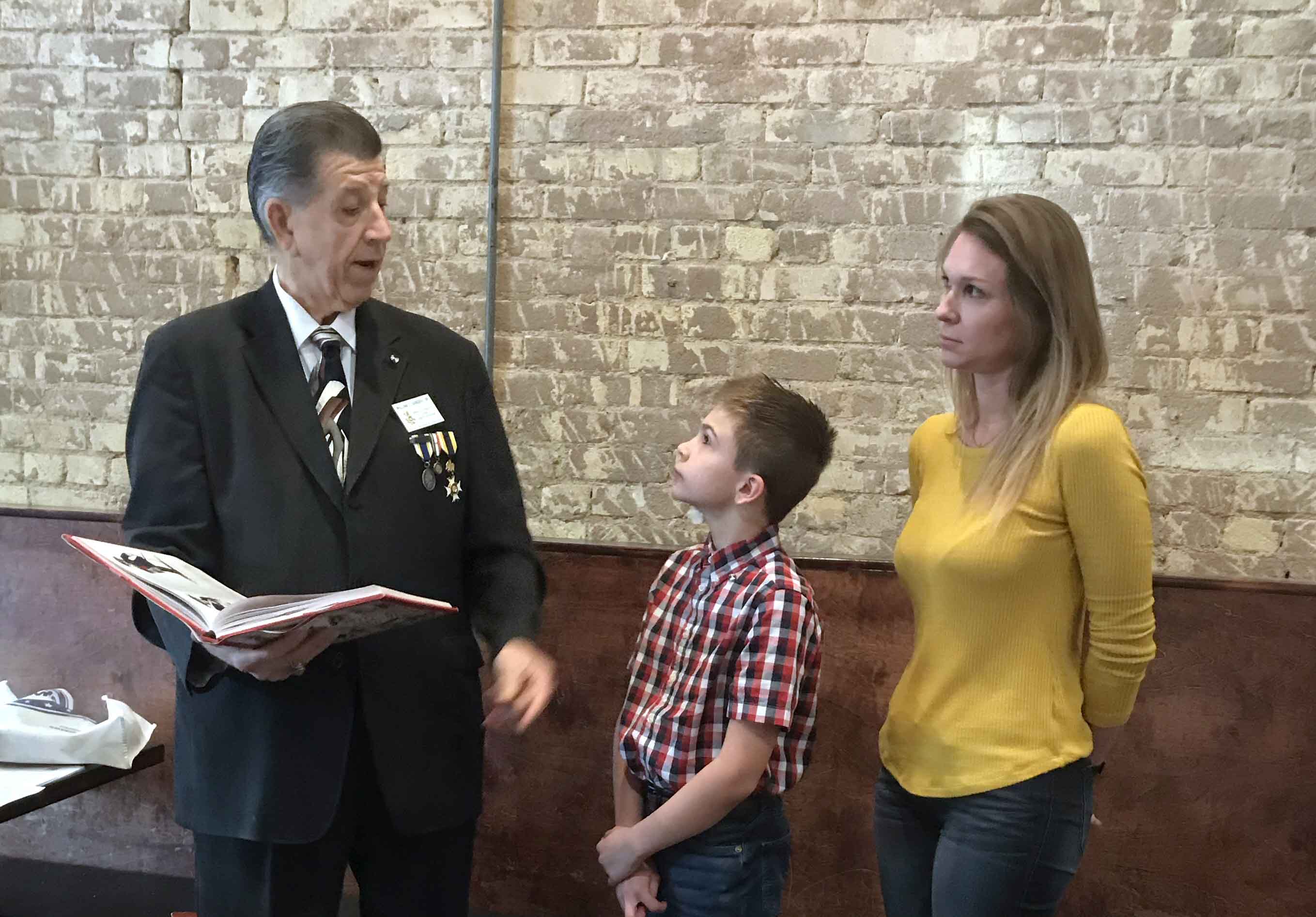 Registrar Bill Sanders shows revolutionary war uniforms to new inductee, Devon James Dull, and his mother Stacie 8 Sep 2018
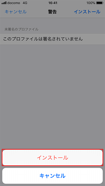 この時点では、プロファイルのダウンロードのみが完了した状態で、インストールは完了していません。
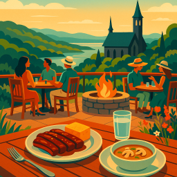 * Jetzt kann Peter das Abendessen mit seinen Freunden im Top of the Rock Ozarks Heritage Preserve genießen!
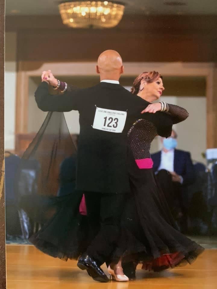 The Dance community has embraced me and has become on a very important part of my life. It is a wonderful community in which I have developed great friendships, sharing in our love of Dance, never did. I think Dance would be my life. My children still shake their heads because seeing me in Ballroom attire is a far cry from the mom who shot baskets in the driveway and coached their soccer teams but here I am competing on the dance floor with all its glitz and glam. It is also been through this journey that I have found a second passion designing and stoning ballroom dresses and helping new students maneuver this part of the sport
========================================
Activity
Word for word, output the lines from the beginning of the listing through the line holding "Heritage Preserve genießen!" and nothing beyond them. Omit the pictures.

Result of the task
 Registrar Bill Sanders shows revolutionary war uniforms to new inductee, Devon James Dull, and his mother Stacie 8 Sep 2018
 この時点では、プロファイルのダウンロードのみが完了した状態で、インストールは完了していません。
 * Jetzt kann Peter das Abendessen mit seinen Freunden im Top of the Rock Ozarks Heritage Preserve genießen!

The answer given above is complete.